7. The method of claim 1, wherein the opicapone is administered once daily.

8. The method of claim 7, wherein the unit dose of opicapone is 5 to 100 mg.

9. The method of claim 7, wherein the unit dose of opicapone is 25 or 50 mg.

10. The method of claim 8, wherein the opicapone is administered more than 1 hour before or after a meal.

11. The method of claim 8, wherein the opicapone is administered more than 1 hour before or after administration of levodopa.

12. The method of claim 8, wherein the opicapone is administered at or near to bedtime.

13. The method of claim 8, wherein the treatment lasts at least 24 weeks.
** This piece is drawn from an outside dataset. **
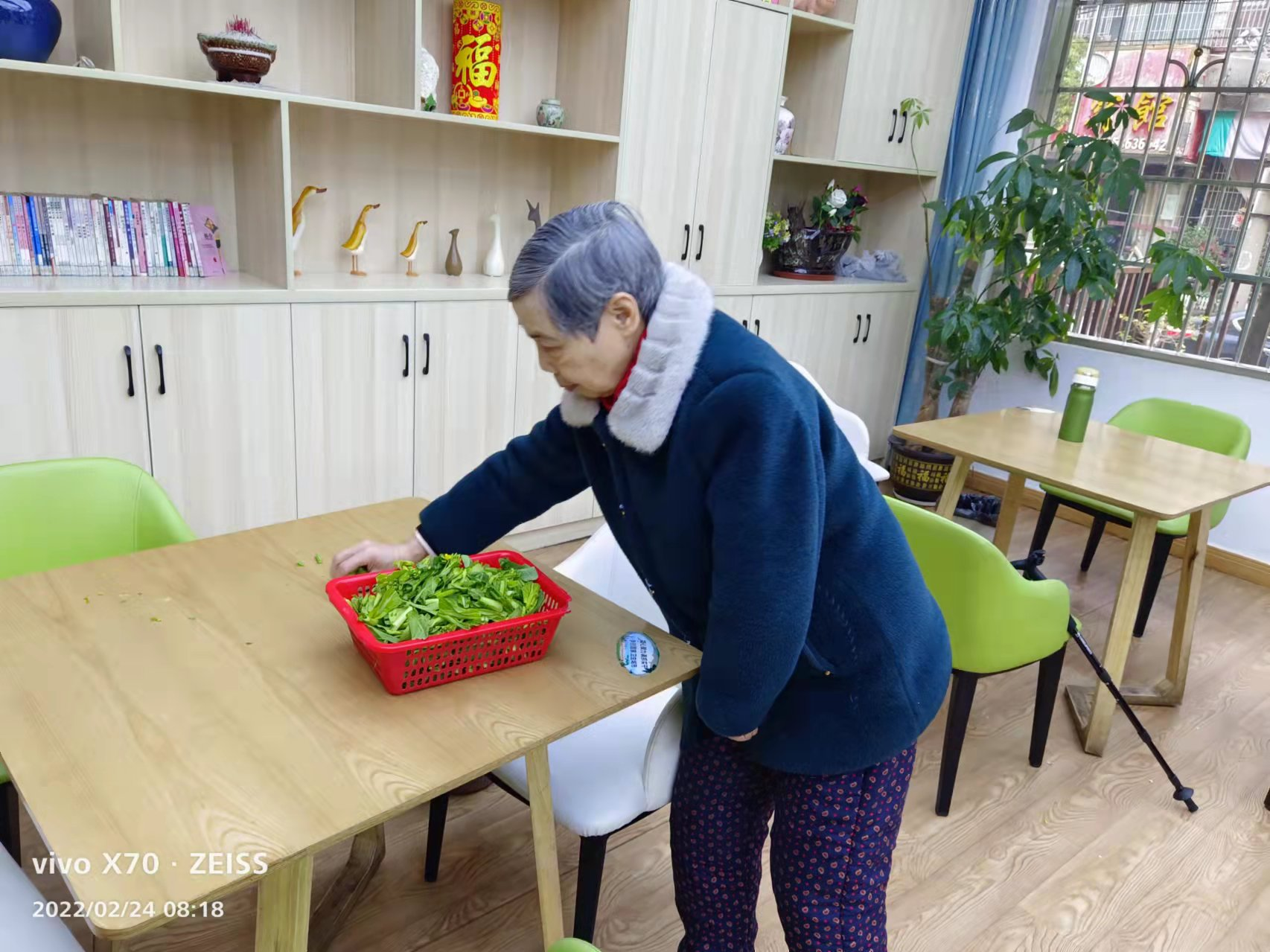 她進銀海以來,天天幫助打掃食堂清潔,拖地,抹桌子,幫食堂摘菜,還組織其他老人參加,一起干活,真正帶動了一大批老人學雷鋒,天天幫食堂里摘菜,很受大師傅們的歡迎。

14. The method of claim 8, wherein the patient with Parkinson's disease had not been assessed for or diagnosed with end-of-dose motor fluctuations

15. A method of treating motor signs and symptoms of a patient with Parkinson's disease, comprising administering an effective amount of opicapone to the patient, wherein:

a) the patient is being concurrently treated with an effective amount of levodopa and an effective amount of a DDCI; and

b) the patient is without clinically diagnosed motor complications.

16. A method of treating a patient with Parkinson's disease and insufficient control of motor signs and symptoms, comprising administering an effective amount of opicapone to the patient, wherein:

a) the patient is being concurrently treated with an effective amount of levodopa and an effective amount of a DDCI; and

b) the patient is without clinically diagnosed motor complications.